Tes Peak Pelatnas BMX, Jasmine Lewati Rintangan Pro Section

0
Sekretaris Umum (Sekum) ISSI Sumsel Andy Moturua bersama atlet Pelatnas balap sepeda asal Sumsel, Jasmine Azzahra.

PALEMBANG, PE – Catatan positif diraih atlet balap sepeda asal Sumatera Selatan (Sumsel), Jasmine Azzahra, yang tergabung dalam Tim Nasional (Timnas) BMX, yang menggelar Tes Peak Power (rutinitas) di Banyuwangi, Jawa Timur.

Tes Peak Power digelar untuk memantau kondisi terbaru atlet BMX yang tidak bisa berlatih maksimal, karena pandemi Covid-19. Selain Jasmine Azzahra, ada lima pebalap BMX nasional yang mengikuti tes tersebut, yaitu I Gusti Bagus Saputra, Rio Akbar, Toni Syarifudin, Pasha dan Amellya Nursyifa.

Ketua Ikatan Sport Sepeda Indonesia (ISSI) Provinsi Sumatera Selatan (Sumsel) Leonardi Sohe melalui Sekretaris Umum (Sekum) Andy Moturua mengatakan, Jasmine sudah lima bulan mengikuti Pelatihan Nasional (Pelatnas) Pengurus Besar (PB) ISSI yang dilaksanakan di Banyuwangi.

“Kemarin Jasmine atlet balap sepeda Sumsel mengikuti Tes Peak Power di Banyuwangi bersama atlet Pelatnas BMX Indonesia lainnya. Hasilnya, Jasmine berhasil melewati rintangan Pro Section atau Big Jump, jalur yang hanya dilewati oleh Elite Men dan mempunyai kesulitan yang cukup tinggi,” kata Andy Moturua, Minggu (28/6).

Menurut Andy, capaian yang ditorehkan Jasmine terbilang hebat, karena rintangan Pro Section di Banyuwangi mempunyai kesulitan yang paling tinggi dari tiga sirkuit yang ada.
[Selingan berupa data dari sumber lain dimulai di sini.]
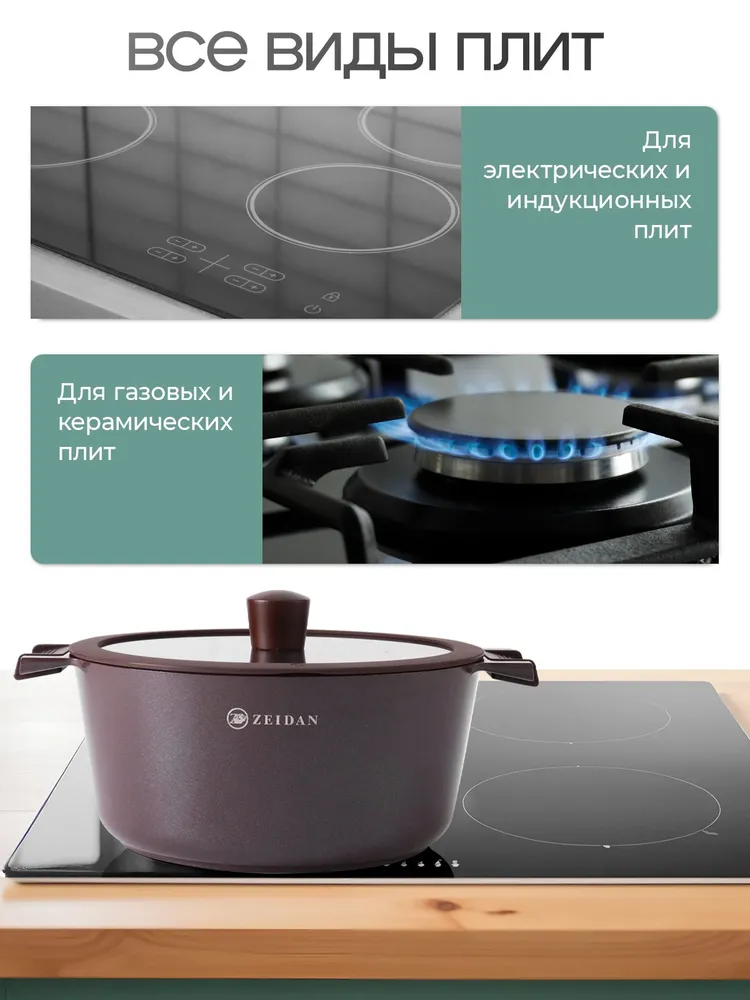 Подходит для всех видов кухонных плит;

Apalagi, Jasmine baru berusia 16 tahun.

“Selain Jasmine, ada Amellya Nursyifa atlet asal Jawa Tengah (Jateng) yang juga melewati rintangan Pro Section. Keduanya memiliki level kelas dunia, dan beberapa pelatih di Australia bilang mereka sangat interest untuk bisa membina mereka ke level dunia,” tambah dia.

Ditambahkan dia, Jasmine yang ditempa di Training Centre (TC) Pelatnas BMx juga mengulang sukses dengan melewati rintangan Triple sebelum Brem.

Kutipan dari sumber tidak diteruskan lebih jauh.